Posted on 11-07-2015 04:46 AM
I also share @davidacland and @bentoms views here. This should really be part of the OS especially if new deployment methods are to use DEP (which I prefer!).
Posted on 11-07-2015 12:30 PM
Wow!! This really needs to be included in the OS or at the very least made available outside the US.
Posted on 11-07-2015 09:14 PM
I agree that it'd be nice if it was included in the OS... but there's enough uniqueness in everyone's AD deployments to make that troublesome. I've got my fingers crossed, and I've emailed to get in on the WebEx.
@rjlemmon How quickly will Enterprise Connect expected to get updated after a major OS release? Is the expectation within days or quarters of the release of something like 10.12 for example.
Posted on 11-08-2015 02:01 AM
Does EC do anything for keychain issues for bound systems?
Very happy to hear Apple are developing in this area and would love to see this built in and to be made available "as is" for us all to try it out.
Posted on 11-08-2015 06:01 PM
Thanks a lot for the feedback so far.
@cwaldrip We've been staying on top of OS releases. For example, with El Capitan, EC was ready to go well before it shipped. That's our goal going forward.
@psmac It depends. By "keychain issues", I assume you're talking about the Keychain password falling out of sync if a user changes their AD password somewhere other than their Mac. If a user does this, Enterprise Connect won't get the Keychain password back in sync.
However, if your user either uses Enterprise Connect to change their password, or uses a local account + Enterprise Connect, you should be okay. If you use EC to change your password while logged in with an AD account on a bound system, EC will change your AD password, mobile account password, FileVault password and the password for your default keychain (usually login). Using a local account sidesteps the issue entirely.
Posted on 11-09-2015 05:20 AM
I think I understand some of what Enterprise Connect is about now after reading this thread and a previous one from back in June. We are required to bind every computer to AD, and we get all our password expirations taken care of with ADPassMon. You say it can be used to mount AD Network home shares. Can it also mount all the network drives (H: M: O: Q: R:...) the users would see if they logged in on a Windows PC without the user having to know the server path? Unless there's some other magic going on behind the curtain, I don't see how paying $5500 for this tool would benefit us.
And why the secrecy? Why is there no public facing webpage to explain this product?
Posted on 11-09-2015 09:04 AM
Does EC still not change the password of a local non-AD account when the AD account password is updated through EC? If not, is this in the roadmap or something that could be added as a one off to the product during an onsite?
Posted on 11-09-2015 09:37 AM
Posted on 11-09-2015 09:43 AM
Rick will need to respond, but I was not under the impression that by "Enterprise" it meant not for education.

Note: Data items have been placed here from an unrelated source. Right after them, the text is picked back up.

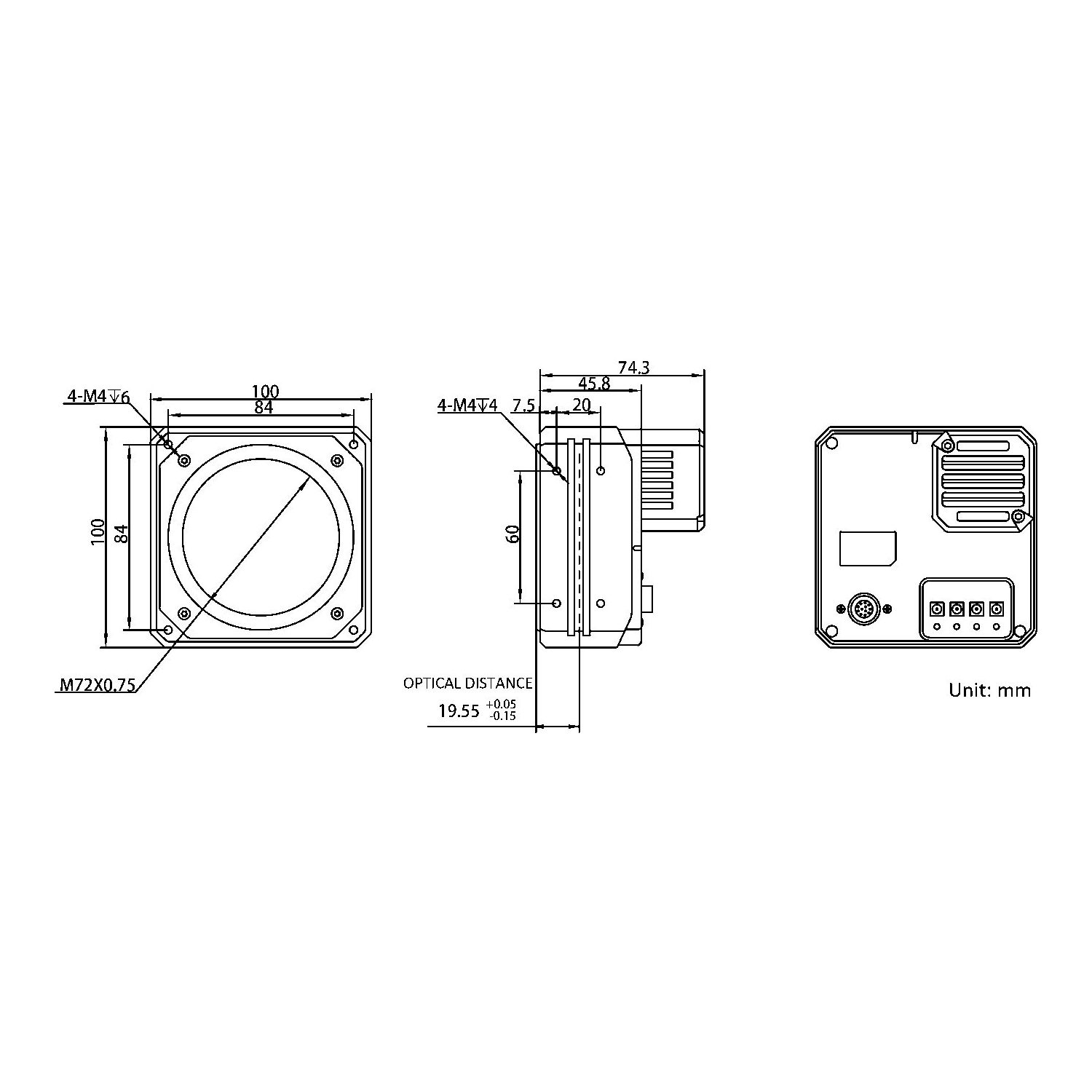 | Mechanical | Lens mount | M72*0.75, optical back focal length 19.55 mm (0.8″) |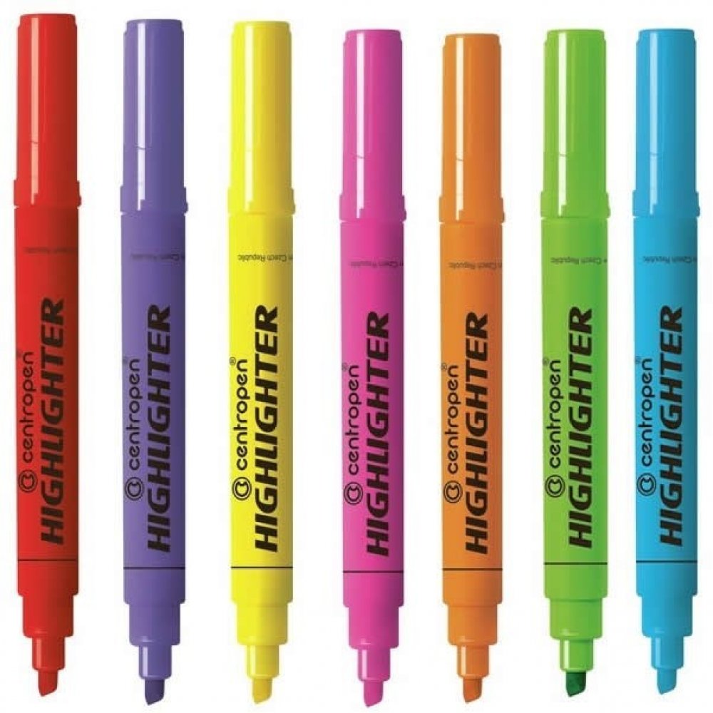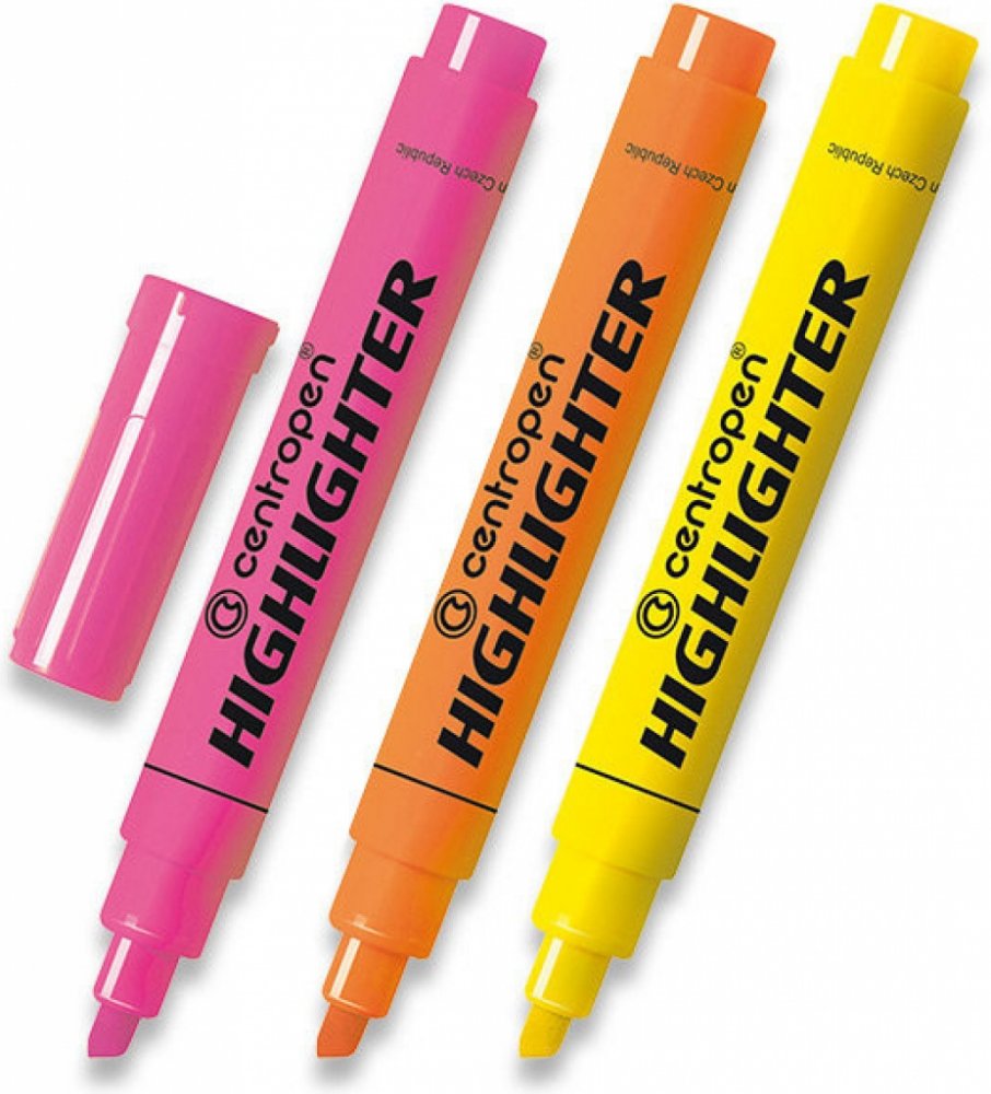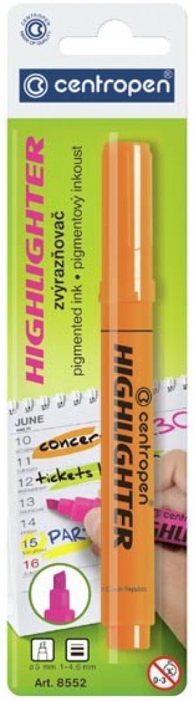 Velkokapacitní zvýrazňovač Centropen 8552 ve výrazné oranžové barvě je ideálním pomocníkem pro zvýrazňování textů ve škole, kanceláři i doma. Speciální fluorescenční pigmentový inkoust je vhodný na všechny druhy papíru – včetně faxového či kopírovacího.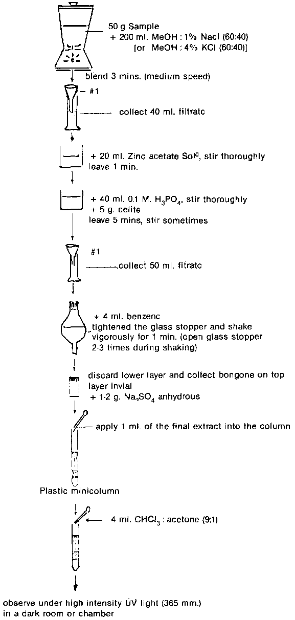 Any of the methods that use a Velasco column or a modification of it can be completed in less time if a small vacuum is used to drain the sample extract and elusion solvent through the column. In fact, since the Holaday columns are packed using paper pulp on both ends to hold the absorbents in place, a vacuum is essential to complete the method in fess then an hour. However, if too strong a vacuum is used, the solutions placed on the minicolumn will travel through the absorbents fast enough to cause interferences and/or aflatoxin to spread over the absorbents. As the aflatoxin spreads over more of the florisil layer, the bluish fluorescence becomes dimmer and dimmer until finally a band, which would be very intense if no vacuum were used, will not be detectable. If interferences on the alumnina or silica gel layers spread sufficiently to reach the florisil layer, they will cover any aflatoxin present. This, also, tends to dim the fluorescent intensity of the aflatoxin band. A vacuum should be used that drains a solution through the minicolumn no faster than 1.0 ml/min to ensure that spreading of the aflatoxin or interferring bands will not take place.

I can't see why Apple would exclude education from being able to use it.
Of course, the price tag may make it a little harder to swallow for smaller EDU environments. Maybe not as much for higher ed.
Posted on 11-09-2015 10:41 AM
@Eigger , @rjlemmon can probably confirm this, but Apple came out to Boston a few weeks ago and did a "what's up and coming" from Apple to Higher Ed. It was all college folks there and we were all introduced to DEP, VPP, & EC and asked to reach out to our reps to get on the list. We haven't gotten pricing on this yet, so it is not clear if edu will get special pricing on it. My guess is everyone will pay the same price via Apple Professional Services.